The functions runner_doself_branch_density, runner_dopair_branch_new_iact, runner_dosub_self_new_iact, and runner_dosub_pair_new_iact will be properly found and linked this way. All that’s left for you to do is to write the function into which IACT_NEW will expand, in the above case it would be runner_iact_new_iact.

If you intend on using existing neighbour loops with a new different name, or plan on including your newly written header files multiple times with slight changes that can be dealt with a preprocessing macro, you can define a new macro like this:

/* ... lots of includes and stuff ... */

/* Import new interaction loop functions. */
#define FUNCTION new_iact
#define FUNCTION_TASK_LOOP TASK_LOOP_NEW_IACT
#include "runner_doiact_my_suff.h"
#undef FUNCTION
#undef FUNCTION_TASK_LOOP

/**
 * @brief The #runner main thread routine.
 *
 * @param data A pointer to this thread's data.
 */
void *runner_main(void *data) {
    /* ... */

}

However, in that case you will also need to give your TASK_LOOP_NEW_IACT a unique definition in src/runner.h, e.g.:

/* Unique identifier of loop types */
#define TASK_LOOP_DENSITY 0
#define TASK_LOOP_GRADIENT 1
#define TASK_LOOP_FORCE 2
#define TASK_LOOP_LIMITER 3
#define TASK_LOOP_FEEDBACK 4
#define TASK_LOOP_SWALLOW 5
#define TASK_LOOP_SINK_FORMATION 6
#define TASK_LOOP_NEW_IACT 7

Finalizing your Task

Now that you have done the easiest part, you can start debugging by implementing a test and/or an example.

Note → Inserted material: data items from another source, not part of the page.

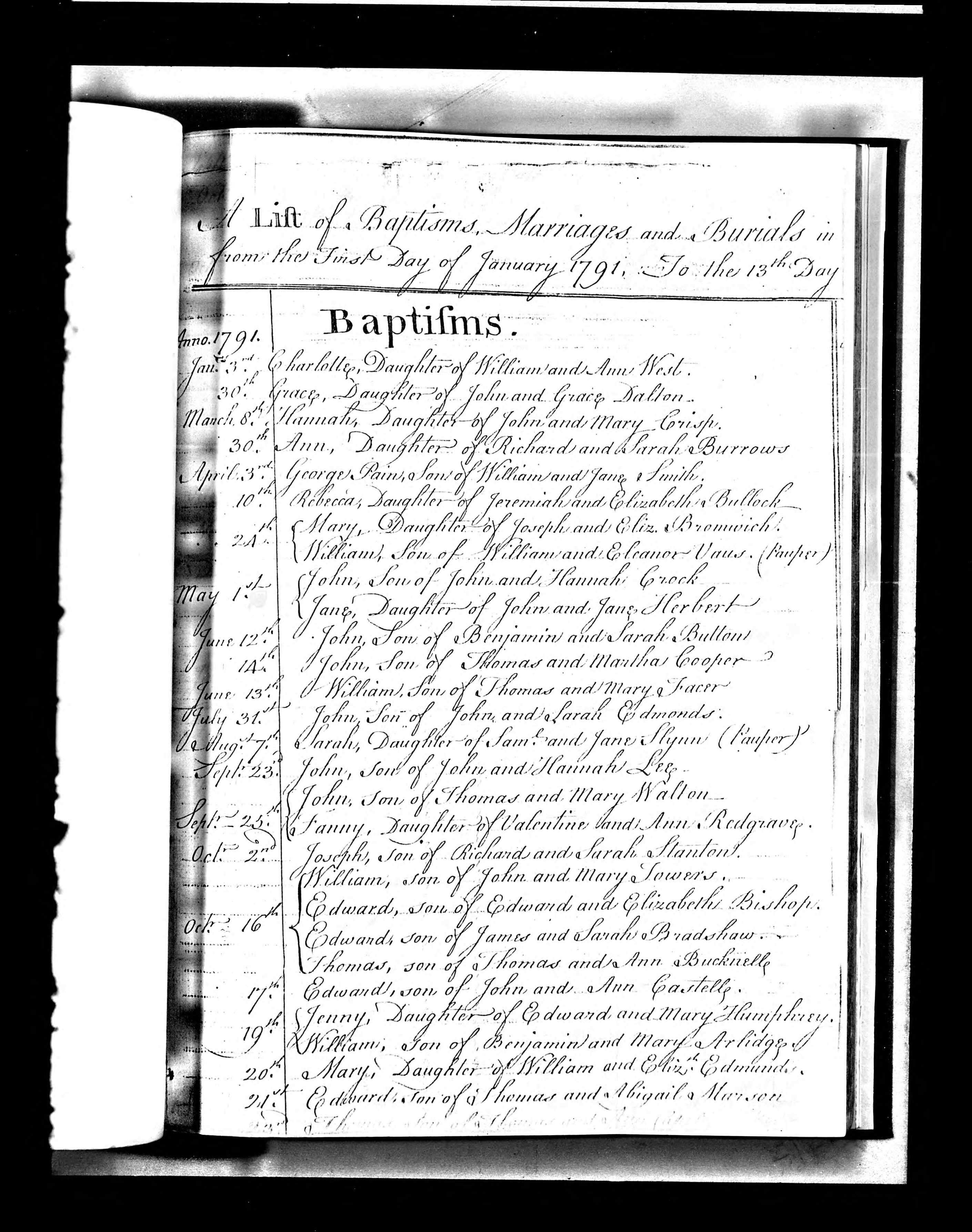 - John Crock was baptised on 1 May, 1791 at St. Margaret's Church, Crick, Northamptonshire, England
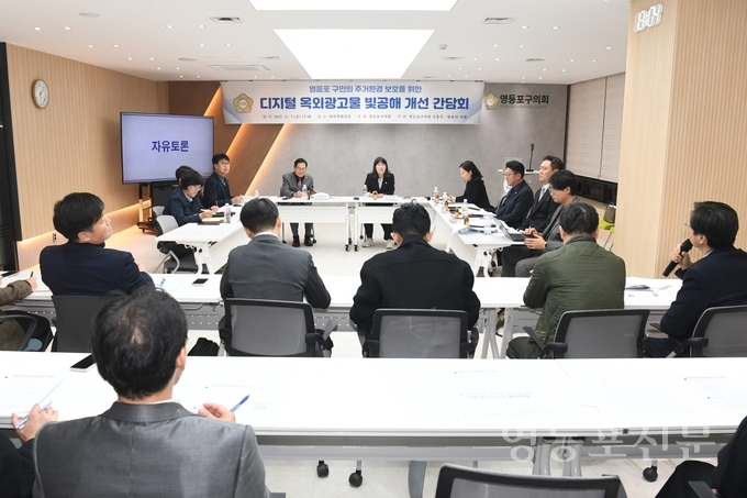 이날 간담회에는 영등포구의회 양송이 행정위원장과 신흥식 의원을 비롯해 여의도 금호리첸시아 비상대책위원회 심향이 대표, 행정안전부·서울시청·영등포구청 관계 공무원, 한국옥외광고센터, 광고물 운영 업체, 전문가 등이 참석하했다.
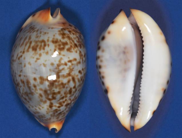 Classic lentigenosa with sparse fine tan spots on a grey/blue dorsum. It has a creamy apricot base and margins with intense black spots. Graded Fine++ as the columnar side is a little growthy. ROV collected from 96 metres of water south east of Augusta, Western Australia during October 2025. A very unique shell that we rarely come across.

Before creating your merge request with your new task, do not forget the most funny part that consists in writing a nice and beautiful documentation ;)

Things to Keep in Mind

If you are inserting a new neighbour loop in between existing loops, or want to insert more than one neighbour loop, usually a new ghost task in between them is also needed.
Neighbour loops may also require MPI communication tasks.